[Extracted data entries]

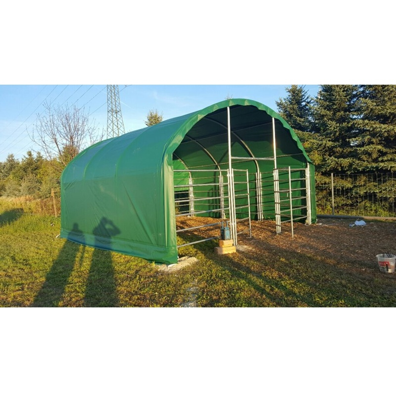 Plachtový přístřešek pro koně, ovce, skot, zvířata 6 x 8 x 3,7 m + plachta 750 g/m2 - přístřešek pro zvířata tvoří kvalitní ocelová konstrukce z pozinku, která je krytá zelenou plachtou (3 strany + střecha). Vstup je možný z přední strany pomocí ocelové brány. Plachta přístřešku je z PVC, který je nepromokavý, UV odolný a má životnost více než 20 let.
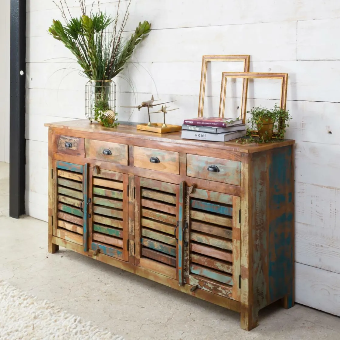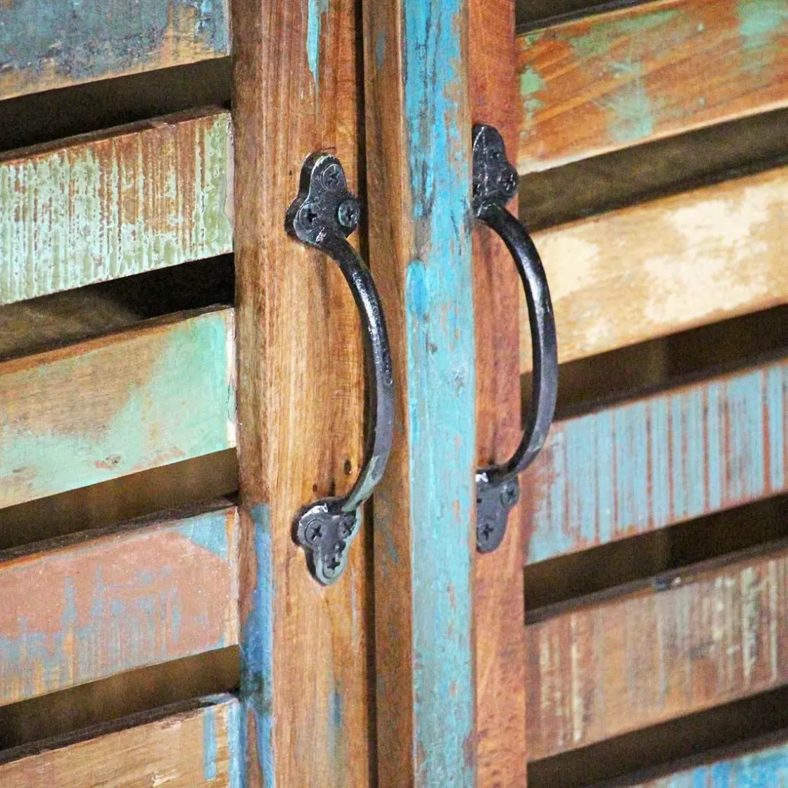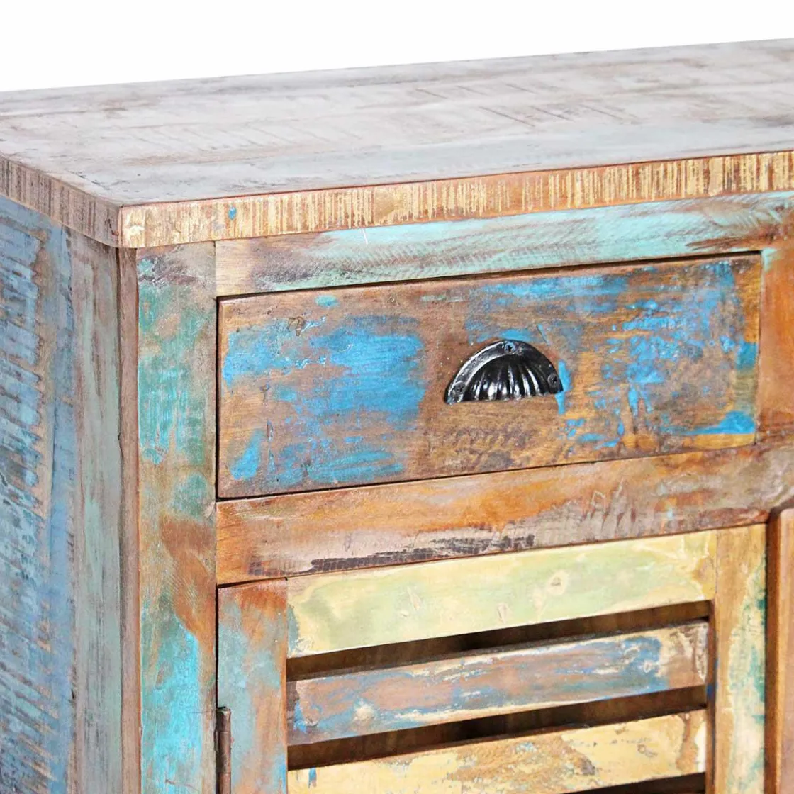 Le buffet enfilade en bois exotique à lattes recyclées est composé de 4 grandes portes et 4 grands tiroirs. Avec son espace de rangement très satisfaisant, vous pourrez ainsi stocker votre vaisselle, matériel ou tout autre objet de votre choix. L’authenticité apporté par le bois recyclé coloré de ce buffet bois massif fera de votre pièce un endroit chaleureux et unique.
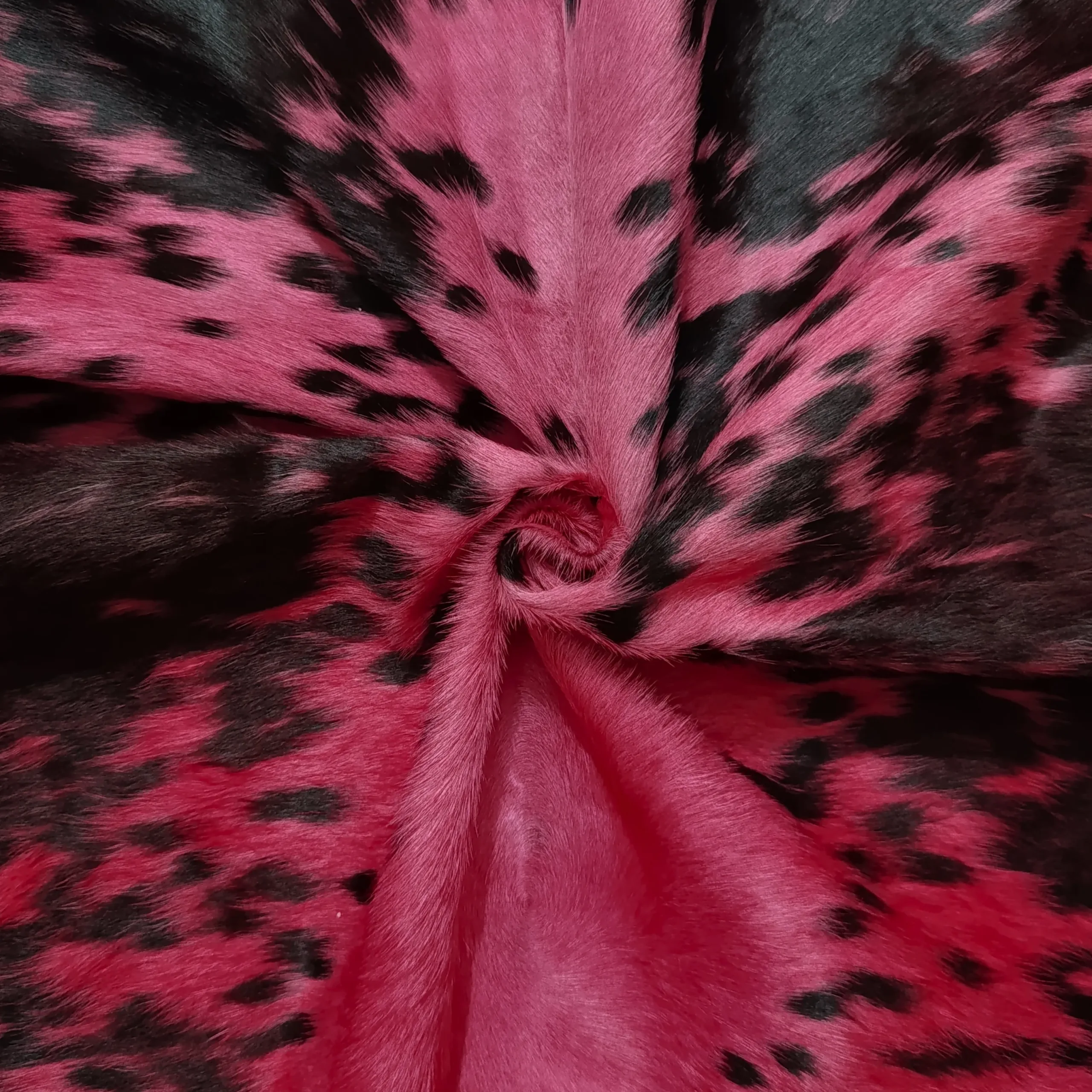 • hand dyed crimson cowhide rug medium format hair on leather close-up
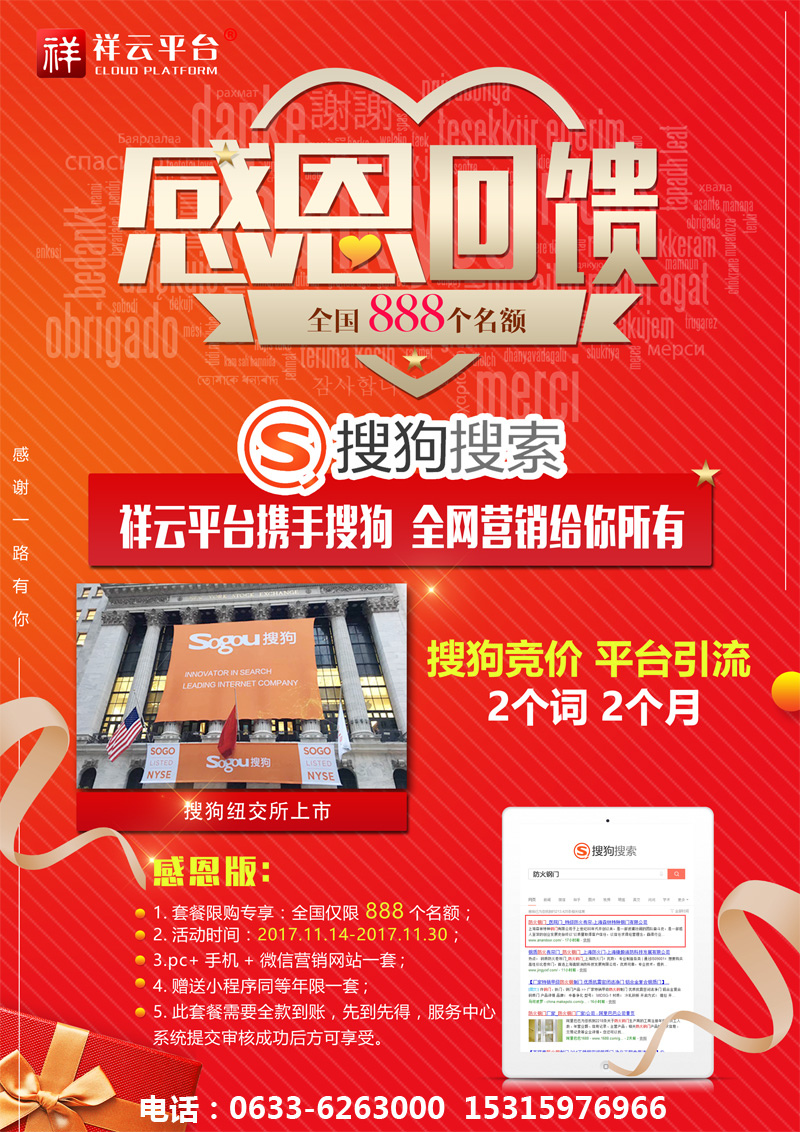 2017年11月9日,搜狗在紐交所上市,成為國內(nèi)第二大搜索引擎,祥云聯(lián)合搜狗,推出2017感恩鉅惠活動:凡簽約祥云營銷型網(wǎng)站,即送搜狗競價(jià)關(guān)鍵詞,兩個(gè)詞,兩個(gè)月!名額有限,先到先得!電話:0633-6263000 15315976966
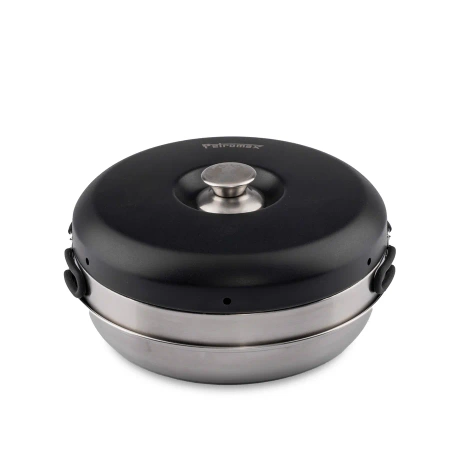 Dzięki kompaktowemu piecowi kempingowemu Petromax Dimego Camp Oven doświadczysz nowej ery gotowania na świeżym powietrzu. Jako idealny dodatek do niezapomnianych chwil kempingowych, piec kempingowy jest idealny do Twoich podróży na świeżym powietrzu. Dzięki wewnętrznej powłoce idealnie nadaje się do świeżych potraw z piekarnika, takich jak zapiekanki, chrupiące bułeczki lub soczyste ciasta. Piekarnik kempingowy składa się z trzech części: elementu podstawowego, który jest umieszczony bezpośrednio na krzyżu do gotowania kuchenki gazowej, powlekanej patelni pierścieniowej z uchwytami i pokrywką.
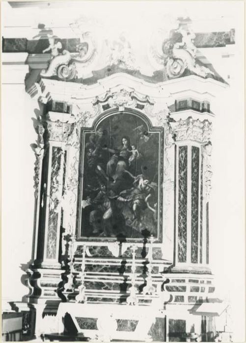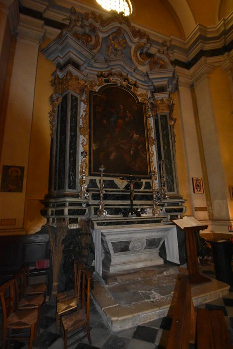 Autel, retable avec sa toile. Gypseries et stucs polychromes et dorés. Autel à tombeau surmonté de trois gradins et d'un grand retable monumental à pilastres corinthiens placés symétriquement l'un à l'autre, mais de biais par rapport au mur. L'entablement curviligne est surmonté d'une corniche à multiples ressauts et d'un fronton également curviligne monté sur deux volutes flanquées d'angelots. Les éléments architectoniques sont dorés sur fond de faux-marbres gris et noir. Une décoration de ramages, volutes et coquilles dorées agrémente le cadre du tableau central, cintré, ainsi que le cartouche central du fronton.

■ **The task**
Every line from the first line of the entries above through the line with "2017年11月9日,搜狗在" must be repeated exactly, and pictures must not be.

■ **Solved exercise**
 Plachtový přístřešek pro koně, ovce, skot, zvířata 6 x 8 x 3,7 m + plachta 750 g/m2 - přístřešek pro zvířata tvoří kvalitní ocelová konstrukce z pozinku, která je krytá zelenou plachtou (3 strany + střecha). Vstup je možný z přední strany pomocí ocelové brány. Plachta přístřešku je z PVC, který je nepromokavý, UV odolný a má životnost více než 20 let.
 Le buffet enfilade en bois exotique à lattes recyclées est composé de 4 grandes portes et 4 grands tiroirs. Avec son espace de rangement très satisfaisant, vous pourrez ainsi stocker votre vaisselle, matériel ou tout autre objet de votre choix. L’authenticité apporté par le bois recyclé coloré de ce buffet bois massif fera de votre pièce un endroit chaleureux et unique.
 • hand dyed crimson cowhide rug medium format hair on leather close-up
 2017年11月9日,搜狗在紐交所上市,成為國內(nèi)第二大搜索引擎,祥云聯(lián)合搜狗,推出2017感恩鉅惠活動:凡簽約祥云營銷型網(wǎng)站,即送搜狗競價(jià)關(guān)鍵詞,兩個(gè)詞,兩個(gè)月!名額有限,先到先得!電話:0633-6263000 15315976966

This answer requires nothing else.